On Friday, the New York Times reported the Trump administration is sending teams made up of members of the Border Patrol Tactical Unit (BORTAC) to work with local Immigration and Customs Enforcement agents in at least ten cities across the country. BORTAC agents, who have enhanced Special Forces type training, normally conduct high-risk operations. The agents deployed in sanctuary cities will assist ICE agents with “run-of-the-mill” arrests, “in order to enhance the integrity of the immigration system, protect public safety, and strengthen our national security,” according to a spokesperson for Customs and Border Patrol. 

“As we have noted for years, in jurisdictions where we are not allowed to assume custody of aliens from jails, our officers are forced to make at-large arrests of criminal aliens who have been released into communities,” Matthew T. Albence, acting director of ICE, told the Times. “When sanctuary cities release these criminals back to the street, it increases the occurrence of preventable crimes, and more importantly, preventable victims.”

Administration officials and loyalists have long tried to paint a picture of alleged “lawlessness” in sanctuary cities that’s rooted in xenophobia and steeped in fascism. Critics say this latest move is retaliation from the administration against cities that oppose its policies and are trying to protect immigrant communities, particularly ones with undocumented peoples. More militarized police forces working in sanctuary cities will only exacerbate fear in immigrant communities, and the potential for situations to escalate will become higher. 

“If you were a police chief and you were going to make an apprehension for a relatively minor offense, you don’t send the SWAT team. And BORTAC is the SWAT team,” said Gil Kerlikowske, a former commissioner of CBP and former chief of police in Seattle. “They’re trained for much more hazardous missions than this.”

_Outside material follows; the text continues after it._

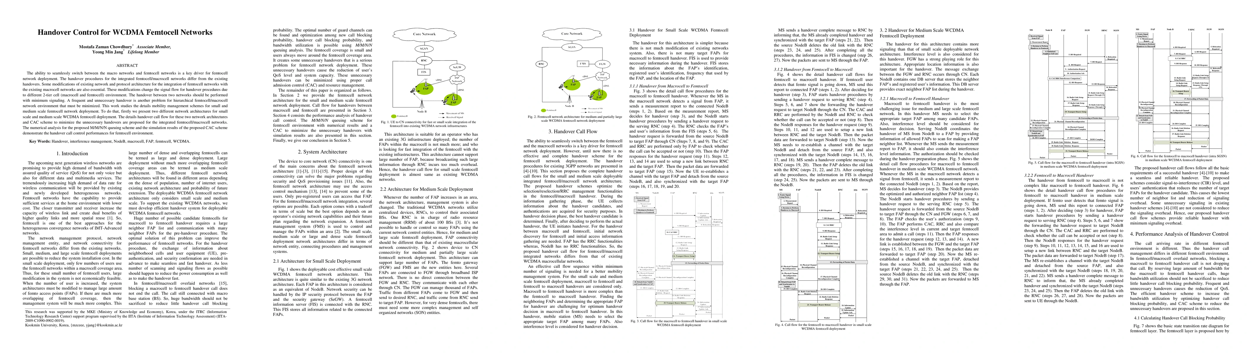 This paper explores handover control strategies for WCDMA femtocell networks, proposing two network architectures for small and medium scale deployments. The study introduces detailed handover call flows and a Call Admission Control (CAC) scheme to minimize unnecessary handovers, supported by numerical analysis and simulation results.

Naureen Shah, senior policy and advocacy counsel on immigrants’ rights for American Civil Liberties Union, called the move a “dangerous and wasteful use of resources that primarily harms communities of color.” 

“This is transparent retaliation against local governments for refusing to do the administration’s bidding,” Shah said in a statement. “It will put lives at risk by further militarizing our streets. Local governments should not face reprisals for focusing on local community needs and using taxpayer money responsibly, instead of helping to deport and detain community members.”

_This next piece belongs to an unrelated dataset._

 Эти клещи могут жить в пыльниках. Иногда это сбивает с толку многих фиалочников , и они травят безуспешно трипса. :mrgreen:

Chicago aldermen Carlos Ramirez-Rosa and Rossana Rodriguez-Sanchez both said over the weekend they would work with immigrant communities to “organize” and “be ready,” sharing ‘know your rights’ information on social media. 

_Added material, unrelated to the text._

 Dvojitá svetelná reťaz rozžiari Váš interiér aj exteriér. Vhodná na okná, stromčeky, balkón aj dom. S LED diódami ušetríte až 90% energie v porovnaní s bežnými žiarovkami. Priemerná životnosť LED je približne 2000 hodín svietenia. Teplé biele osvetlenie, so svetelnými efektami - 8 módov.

“We’re gonna be out knocking on doors, informing residents of their rights, but also making sure that, should immigration officials be present attempting to deport our families, that we’re gonna be prepared to take action to defend one another,” Rosa told the Sun-Times on Friday. “That can be yelling, ‘You have a right to remain silent. Don’t tell them anything.’ It can be recording the interaction so we have video to use in the future…or, it can actually take the form of people using their bodies to engage in non-violent civil disobedience.”